Wie du das Array füllen must:
Messwerte_ := Messwert;

Wobei du i (Int) von Hand hochzählen musst, bis max. so gross wie das Array instanziert ist. 
Ich würde jedoch die Zeit/Datum nicht mitloggen, sondern anhand von i ausrechen. z.B. loggst du alle 5 Minuten, dann gibt das 288 Werte pro Tag. 

Für das Abspeichern würde ich jedoch laufend in eine Datei speichern. Bei OSCAT z.B. gibt es entsprechende Bausteine. (DLOG_STORE_FILE_CSV) Da kannst du auch gerade die Zeit mitloggen..._


----------



## 4Two (11 Mai 2011)

Perfekt!!!

Danke für die schnelle Antwort.


Grüße
4Two


----------



## KingHelmer (22 Oktober 2013)

Hi,

Habe mir mal die Doku angeschaut und festgestellt, dass ich keine Ahnung habe, wie ich mein 16x16 zweidim. Array in eine CSV schreiben lassen kann.
Ich habe ja nur die Möglichkeit, bestimmte Datentypen in das "DLOG"-Format zu bringen.
Array steht hier aber nicht zur Auswahl und mehrere Datenpunkte des Arrays gleichzeitig auf den Baustien zu geben scheint ja auch nicht zu funktionieren, oder?

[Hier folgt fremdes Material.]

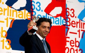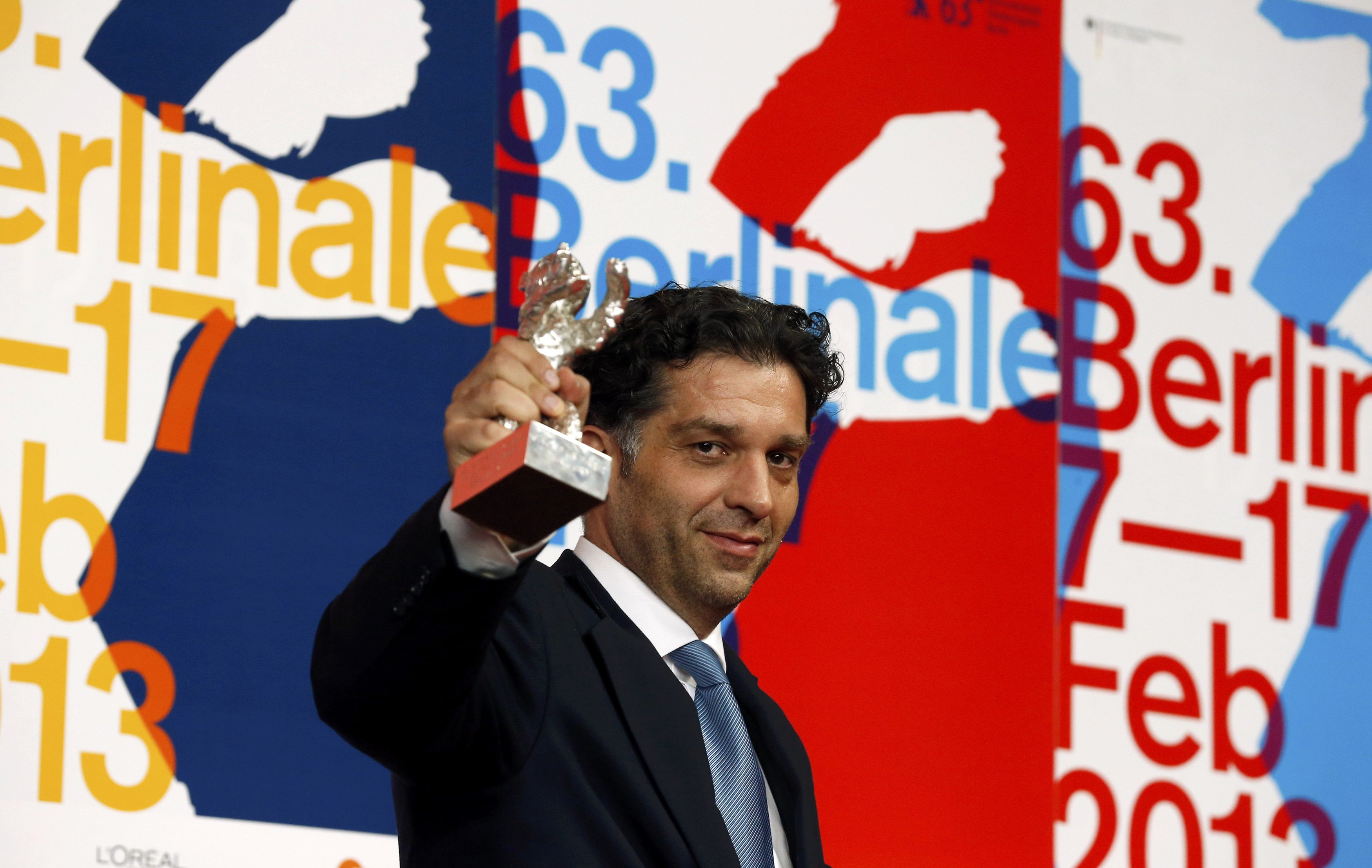 Director Danis Tanovic holds the Jury Grand Prix Silver Bear award for the movie “Epizoda u zivotu beraca zeljeza” (An Episode in the Life of an Iron Picker) at the 63rd Berlinale International Film Festival in Berlin February 16, 2013. REUTERS/Tobias Schwarz (GERMANY – Tags: ENTERTAINMENT)
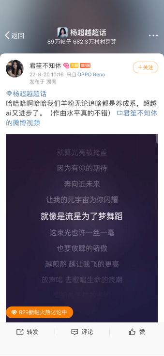 在“超越AI”唱的一首粤语歌《漫步人生路》中,AI学习和还原了杨超越的音频特征,已经明显脱离了“人工感”、“机械感”;到《唐潮》中,“超越AI”又轻松驾驭rap等多种不同演唱类型;而此次“超越AI”在《元宇宙》中的表现也更进一步,更丝滑的声音技巧,让粉丝们直呼“无论追啥都是养成系,超越AI又进步了”!

Kann mit hier einer das Licht am Ende des Tunnels zeigen?

Vielen Dank und Grüße, 
Florian


----------



## Erik Böhm (22 Oktober 2013)

Moin
CSV heist ja nur Komma getrennt.
Also Wert1,Wert2,Wert3 usw...
Das geht mit der SysLibFile ziemlich einfach 'von Hand'.
Gruß Erik


----------



## @lex (24 Oktober 2013)

@KingHelmer,
du kannst dein 2-dim Array mit der SysLibFile und dem "append" Attribut, Stück für Stück abspeichern. Nach dem Motto erst Array[0], dann Array[1] anhängen usw.
Geht. Hab ich grad ausprobiert...


----------